# WHAT IS REQUIRED
Retype nothing except the lines below from the one with "(מגיע ב6 מטר)" through the one with "This portable patio", exactly, with images left out.

# RECORDS TO USE

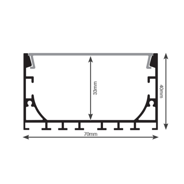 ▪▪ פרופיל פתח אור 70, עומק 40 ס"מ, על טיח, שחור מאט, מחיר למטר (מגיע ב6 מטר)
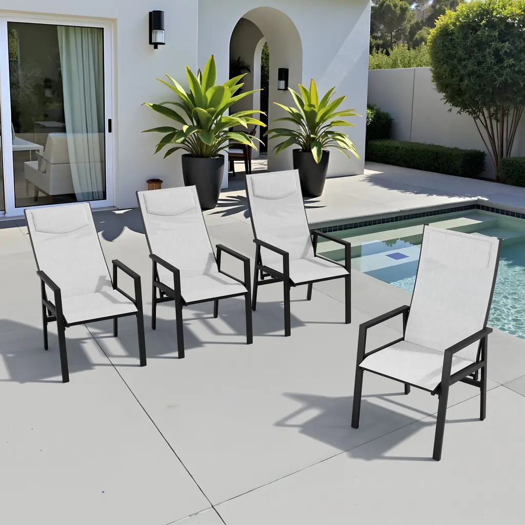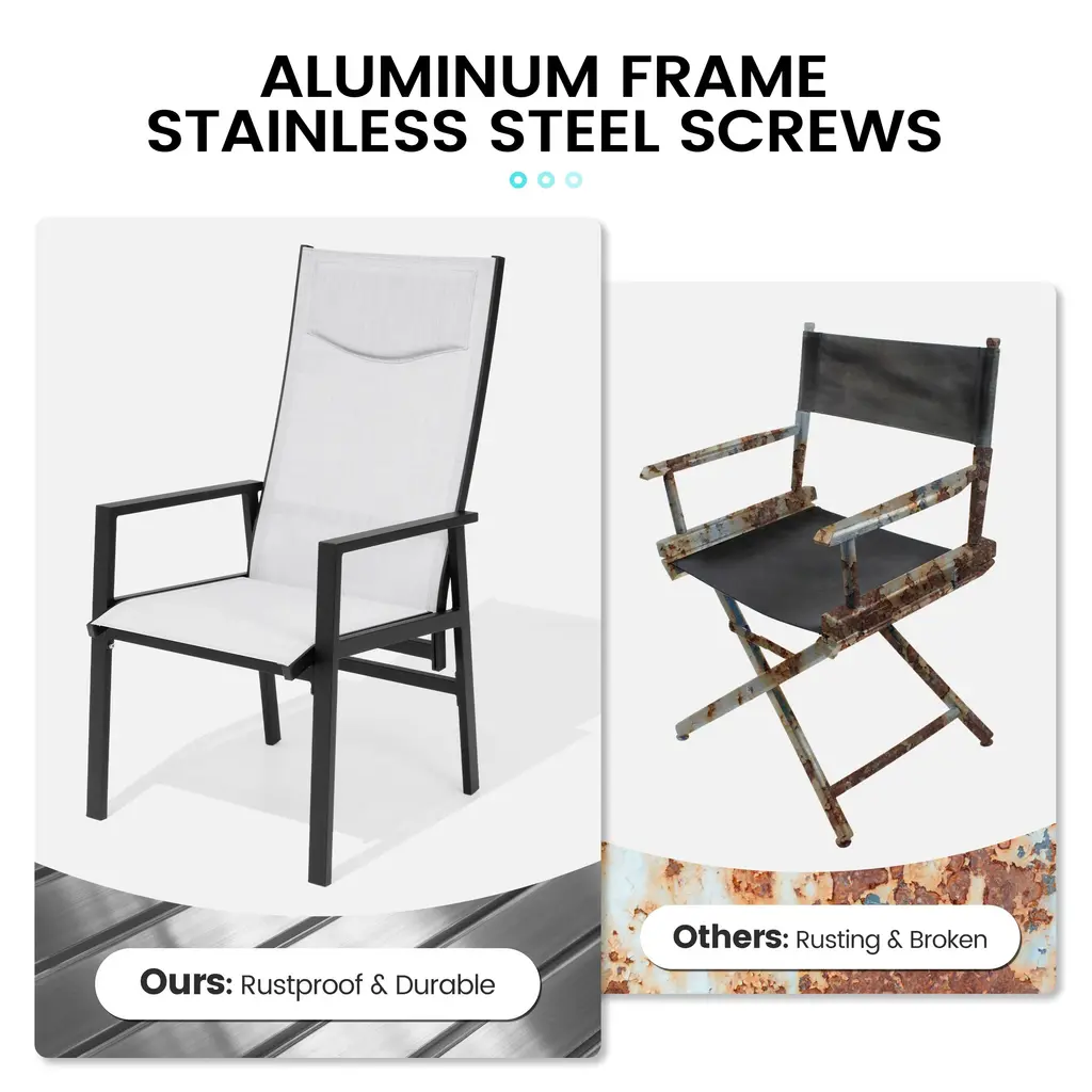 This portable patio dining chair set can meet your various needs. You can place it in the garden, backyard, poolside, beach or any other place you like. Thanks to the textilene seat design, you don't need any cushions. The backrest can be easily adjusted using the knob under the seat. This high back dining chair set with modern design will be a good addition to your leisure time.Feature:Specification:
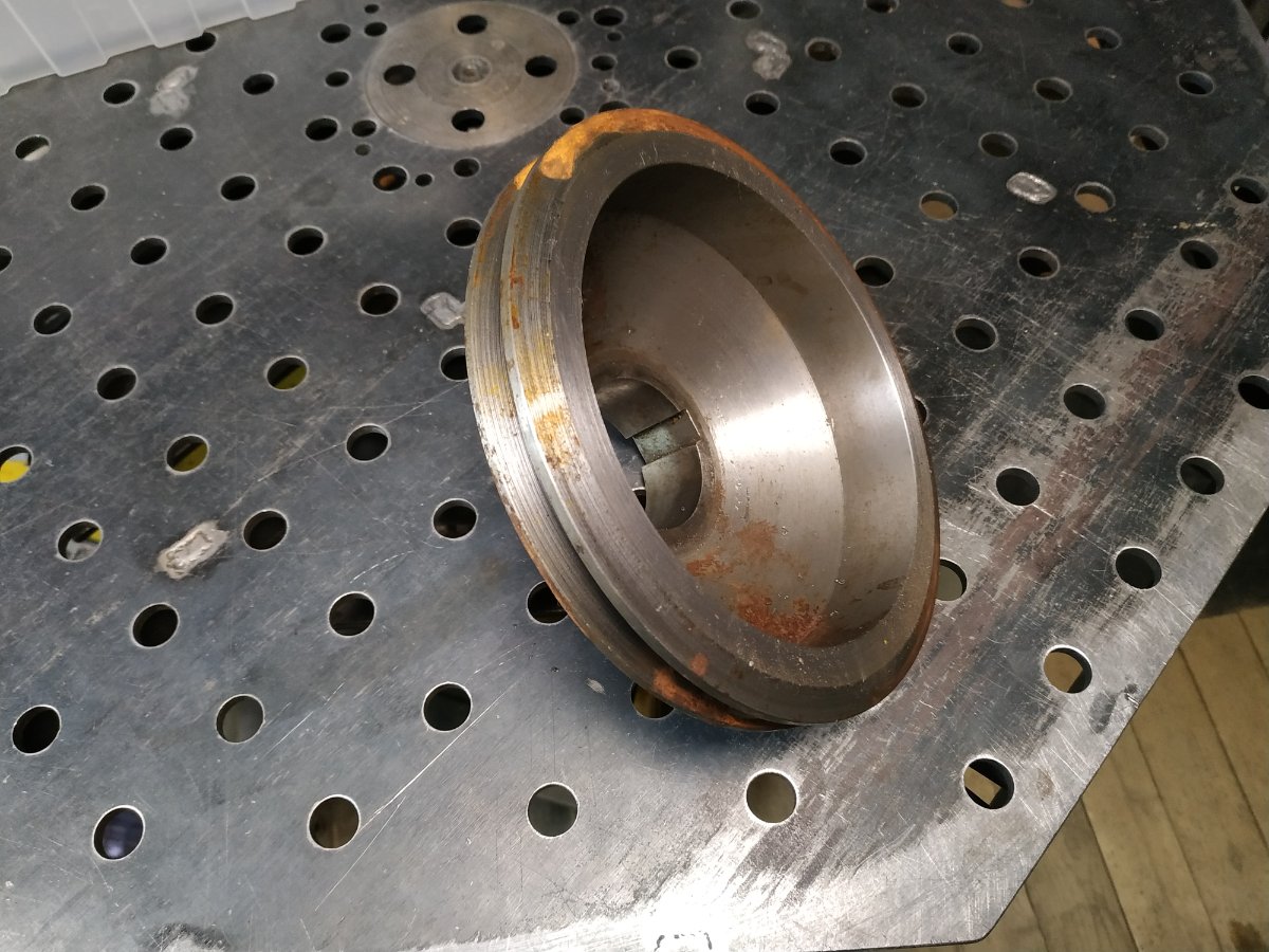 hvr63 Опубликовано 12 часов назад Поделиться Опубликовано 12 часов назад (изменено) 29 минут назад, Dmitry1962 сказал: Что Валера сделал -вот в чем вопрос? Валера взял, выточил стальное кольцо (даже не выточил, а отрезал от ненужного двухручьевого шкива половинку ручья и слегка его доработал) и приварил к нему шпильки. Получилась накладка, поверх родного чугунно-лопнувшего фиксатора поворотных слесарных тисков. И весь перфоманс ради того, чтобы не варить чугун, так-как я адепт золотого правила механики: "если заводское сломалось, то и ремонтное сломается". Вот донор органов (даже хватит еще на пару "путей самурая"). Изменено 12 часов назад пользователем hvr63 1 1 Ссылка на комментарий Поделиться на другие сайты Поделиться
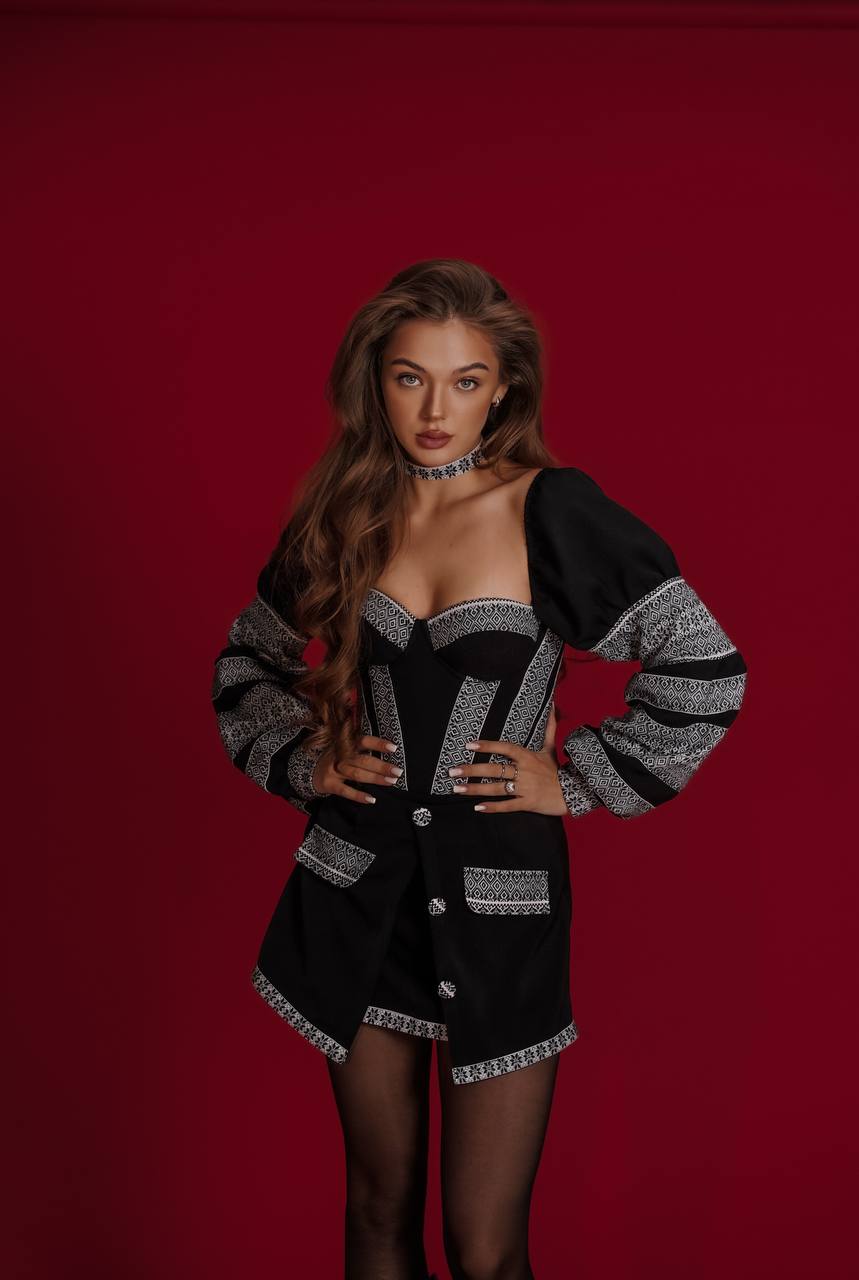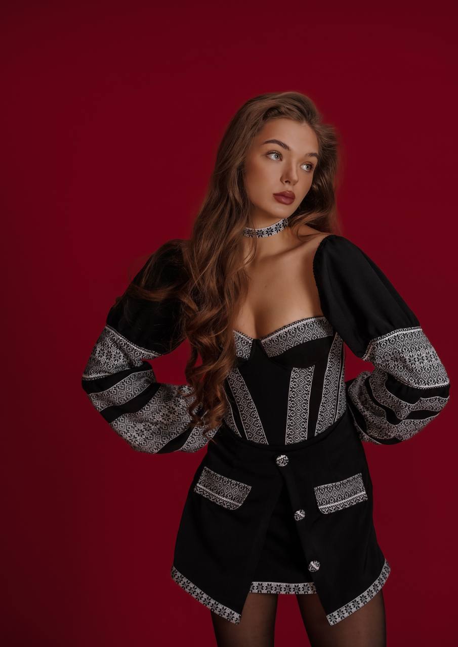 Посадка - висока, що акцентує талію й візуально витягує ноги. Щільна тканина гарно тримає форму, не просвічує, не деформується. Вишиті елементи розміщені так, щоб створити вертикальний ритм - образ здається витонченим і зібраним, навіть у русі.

* * *

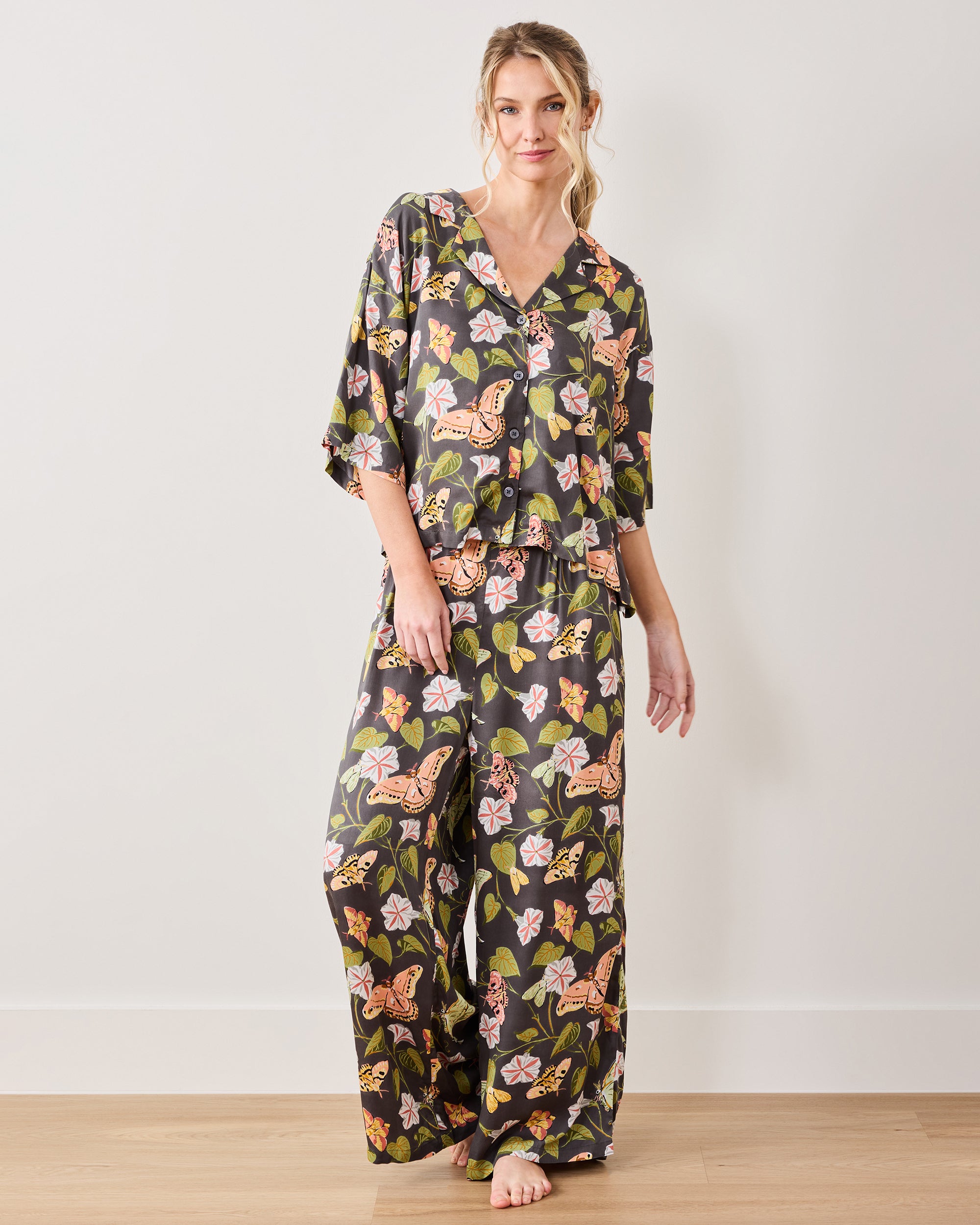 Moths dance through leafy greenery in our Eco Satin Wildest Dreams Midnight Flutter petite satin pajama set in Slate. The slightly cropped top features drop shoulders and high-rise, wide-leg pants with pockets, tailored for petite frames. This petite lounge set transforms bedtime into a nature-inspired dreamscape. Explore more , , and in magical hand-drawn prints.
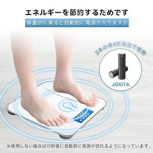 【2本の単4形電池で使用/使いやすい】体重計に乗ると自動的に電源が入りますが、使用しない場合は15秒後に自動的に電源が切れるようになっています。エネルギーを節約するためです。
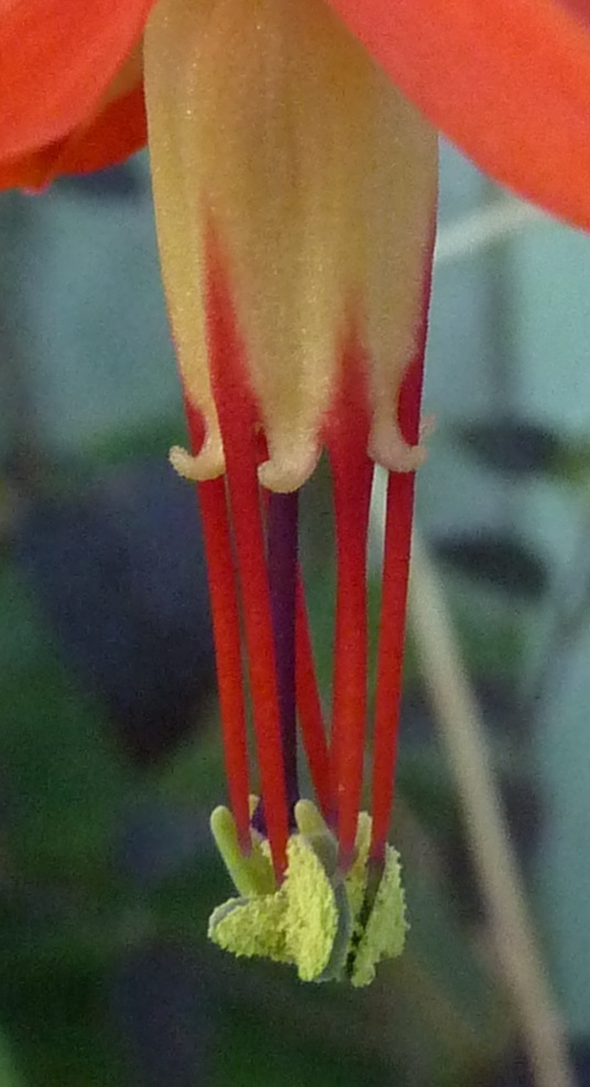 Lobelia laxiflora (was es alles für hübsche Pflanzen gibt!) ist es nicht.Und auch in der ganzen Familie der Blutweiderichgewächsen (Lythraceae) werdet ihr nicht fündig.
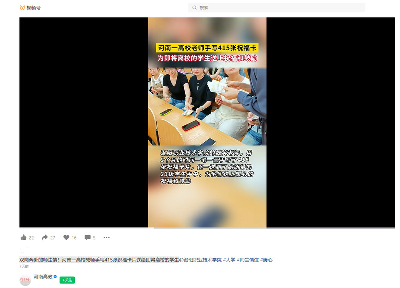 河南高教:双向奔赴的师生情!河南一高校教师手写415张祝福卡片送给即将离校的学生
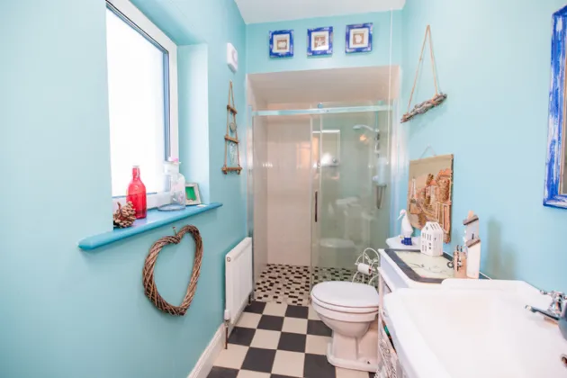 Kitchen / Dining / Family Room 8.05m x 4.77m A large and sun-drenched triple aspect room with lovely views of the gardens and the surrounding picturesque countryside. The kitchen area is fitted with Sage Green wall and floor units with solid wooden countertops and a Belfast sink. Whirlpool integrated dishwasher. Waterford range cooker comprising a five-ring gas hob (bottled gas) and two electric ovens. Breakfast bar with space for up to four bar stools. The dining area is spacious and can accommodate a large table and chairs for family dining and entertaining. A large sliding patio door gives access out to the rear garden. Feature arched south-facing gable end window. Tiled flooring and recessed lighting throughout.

# RESULT FOR THIS TASK
 ▪▪ פרופיל פתח אור 70, עומק 40 ס"מ, על טיח, שחור מאט, מחיר למטר (מגיע ב6 מטר)
 This portable patio dining chair set can meet your various needs. You can place it in the garden, backyard, poolside, beach or any other place you like. Thanks to the textilene seat design, you don't need any cushions. The backrest can be easily adjusted using the knob under the seat. This high back dining chair set with modern design will be a good addition to your leisure time.Feature:Specification:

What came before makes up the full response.